Input material:
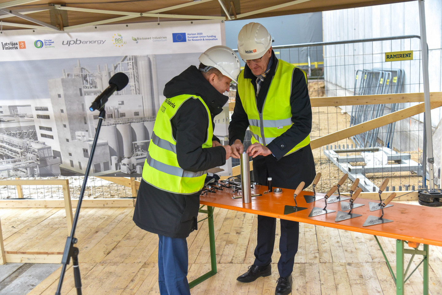 Atzīmējot jaunas sveķu rūpnīcas būvniecības sākšanu, AS "Latvijas finieris" šodien jaunās rūpnīcas ēkas pamatos iebūvēja kapsulu ar vēstījumiem nākamajām paaudzēm
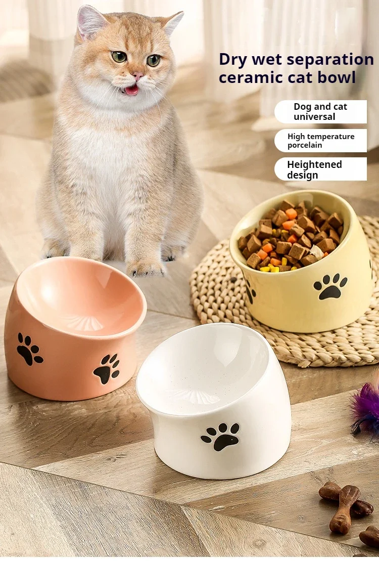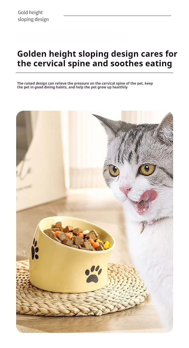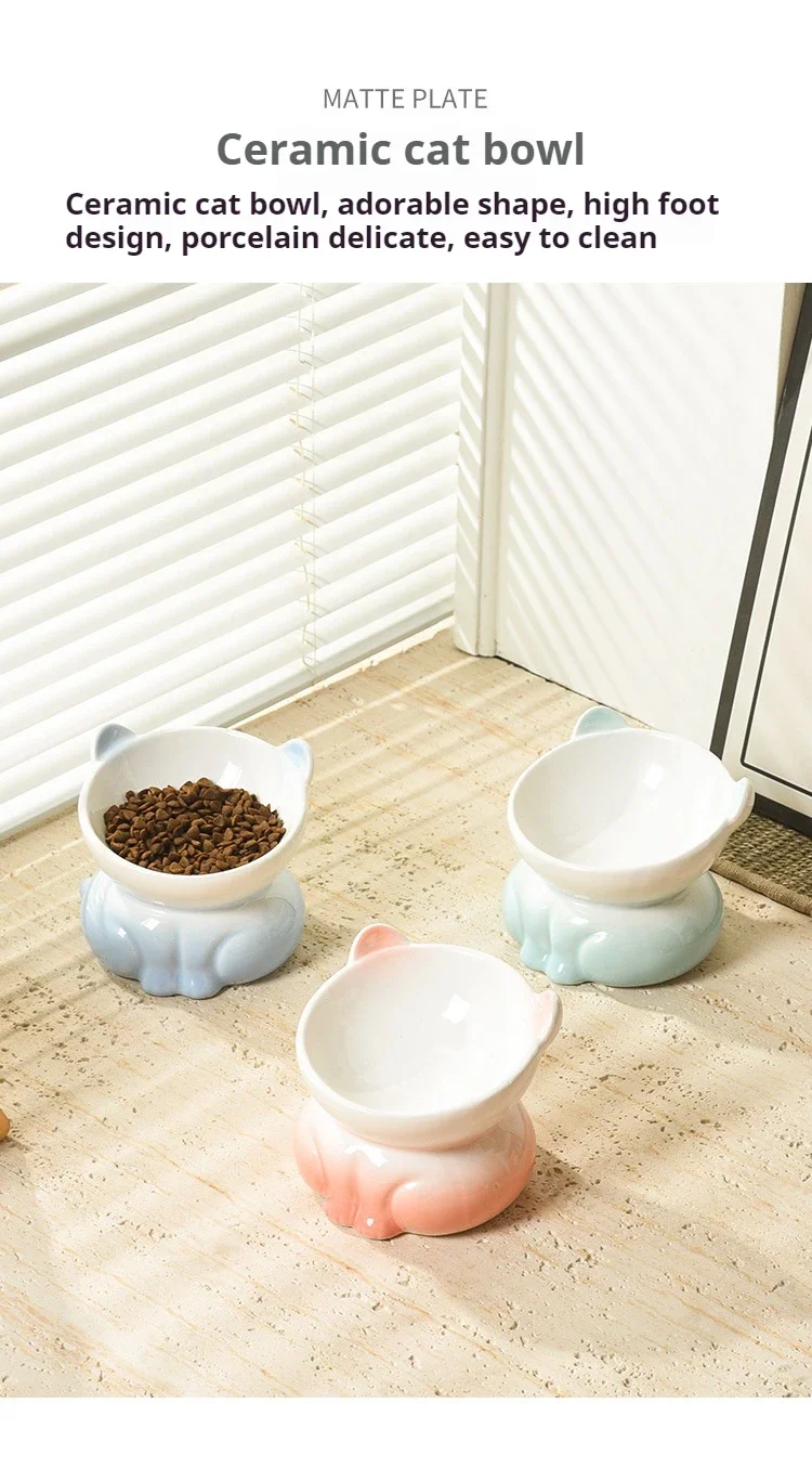 Cuenco de cerámica con patas altas para comida de gato, cuenco de boca inclinada, cuenco de comida para perro y gato, cuenco de comida para gato, cuenco de cerámica lindo
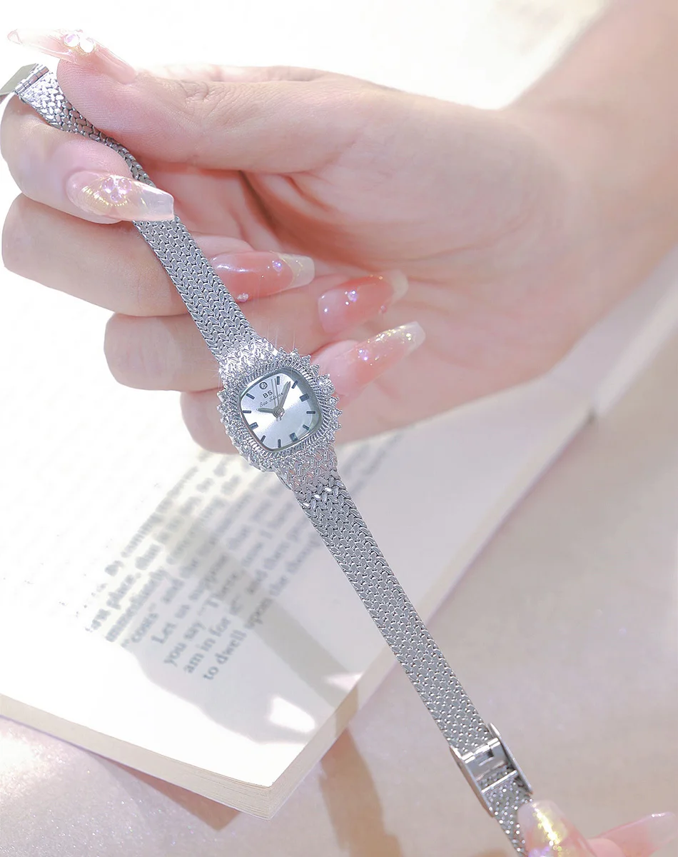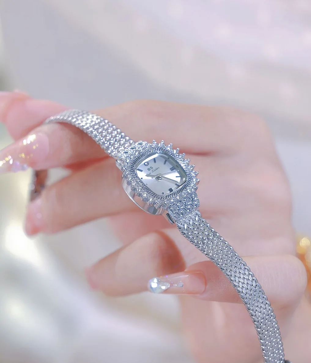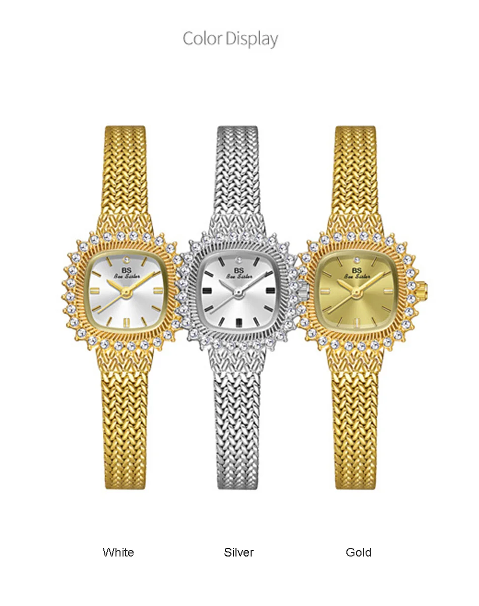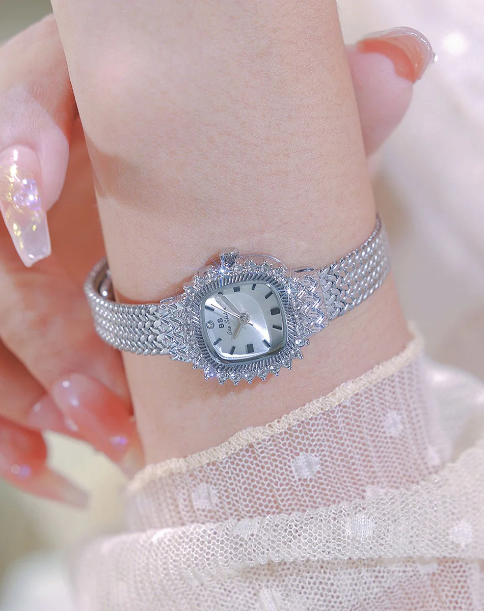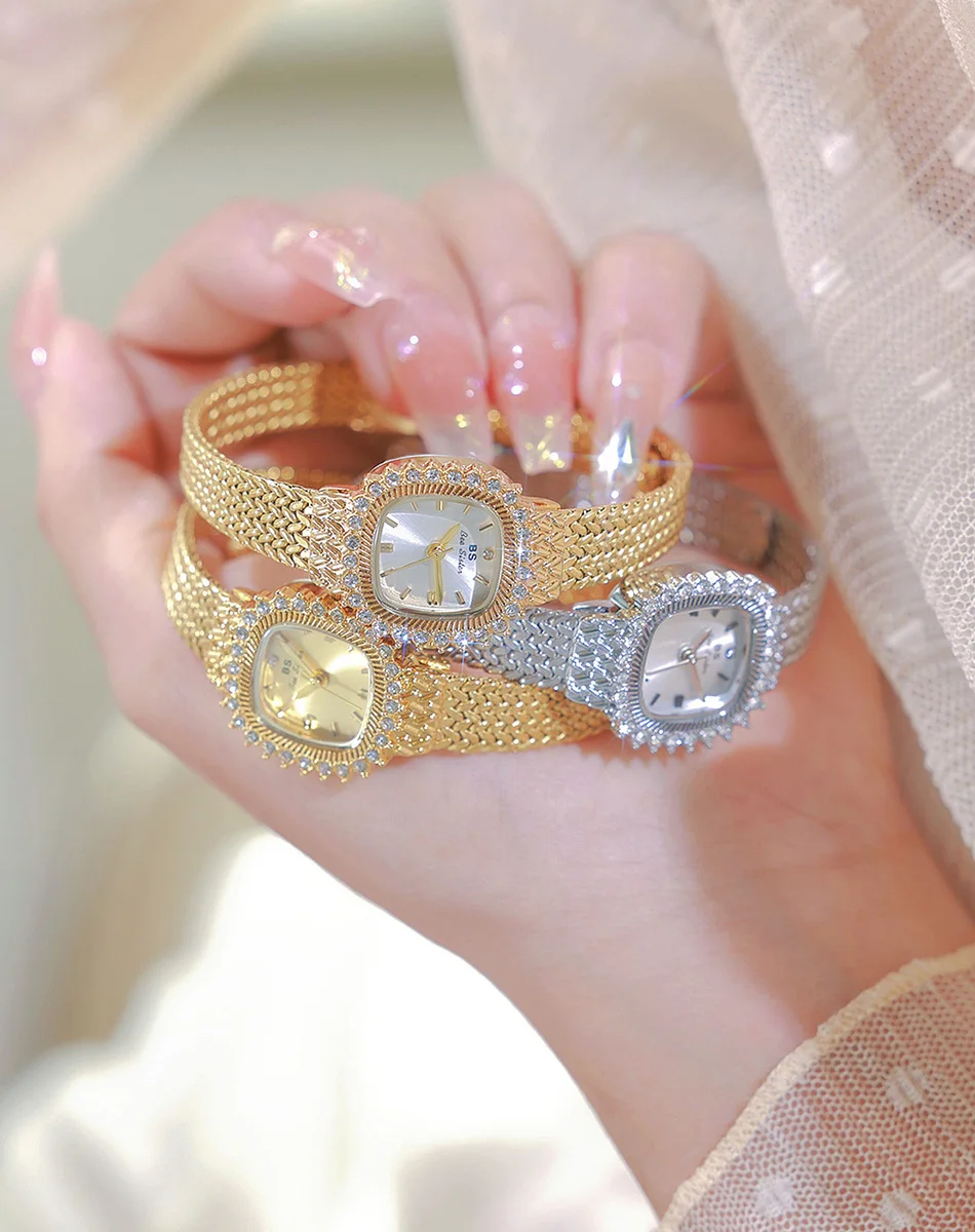 Women’s Luxury Diamond Quartz Watch – Elegant Gold Square Dial Dress Style
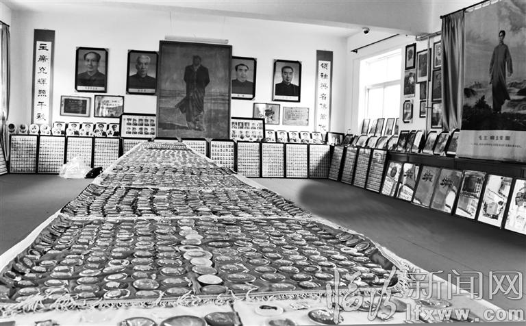 推門而入,眼前的景象是宏大和不可思議的。在由會議室改造的偌大展廳里,四壁掛滿了各種式樣的領袖畫像,倚墻而立的是近百面繪有花卉、寫有語錄的鏡子,條桌上擺滿了各種材質、不同造型的偉人塑像,居中的展臺上則整齊碼放著各式毛主席像章,足足綿延二三十米……
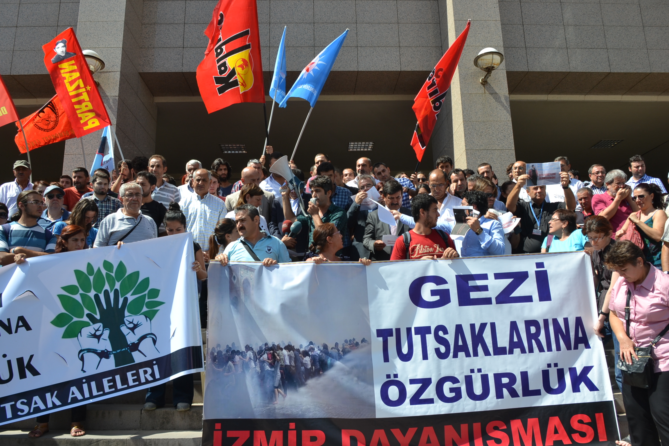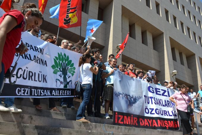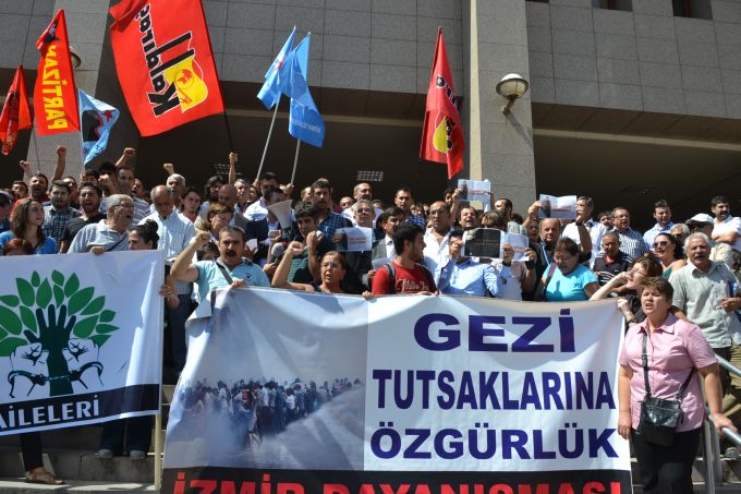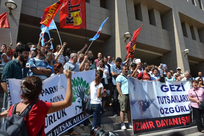 Ege’nin Sesi-Ali Arda PERK/ İstanbul Taksim Gezi Parkı olaylarına destek verip, İzmir'de gösterilere katıldıkları iddiasıyla ilk operasyonda tutuklanan, Vedat Y., İbrahim K., Elif K., Kubilay İ., Ozan A., Erhan İ., Orhan Ö. ve İzzet U hakkında, ‘’2911 sayılı yasaya muhalefet, görevi yaptırmamak için direnme ve terör örgütü üyesi olmamakla birlikte terör örgütü adına suç işlemek’’ suçlamasıyla 17'şer yıl hapis cezası istemiyle, 12. Ağır Ceza Mahkemesi”nde açılan dava sabah saatlerinde görülmeye başladı.
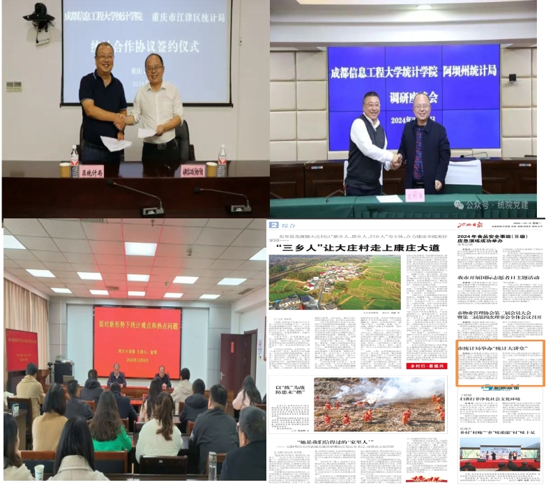 为进一步拓展统计学科教育的质量和统计人才培养的能力,2024年,学院党委先后与四川省阿坝州、德阳市、重庆市江津区、安徽省滁州市、池州市等地统计系统紧密合作,以党建工作为引领,共同推进统计改革创新、提高统计科研能力、提升统计人才培养质量、为政府决策提供高质量统计(技术、人才)支撑。

Exercise objective: Using the data above, which lines fall from the one with "Cuenco de cerámica con" through the one with "推門而入,眼前的景象是宏大和"? Repeat them exactly, ends included, minus any pictures.

Output for this exercise:
 Cuenco de cerámica con patas altas para comida de gato, cuenco de boca inclinada, cuenco de comida para perro y gato, cuenco de comida para gato, cuenco de cerámica lindo
 Women’s Luxury Diamond Quartz Watch – Elegant Gold Square Dial Dress Style
 推門而入,眼前的景象是宏大和不可思議的。在由會議室改造的偌大展廳里,四壁掛滿了各種式樣的領袖畫像,倚墻而立的是近百面繪有花卉、寫有語錄的鏡子,條桌上擺滿了各種材質、不同造型的偉人塑像,居中的展臺上則整齊碼放著各式毛主席像章,足足綿延二三十米……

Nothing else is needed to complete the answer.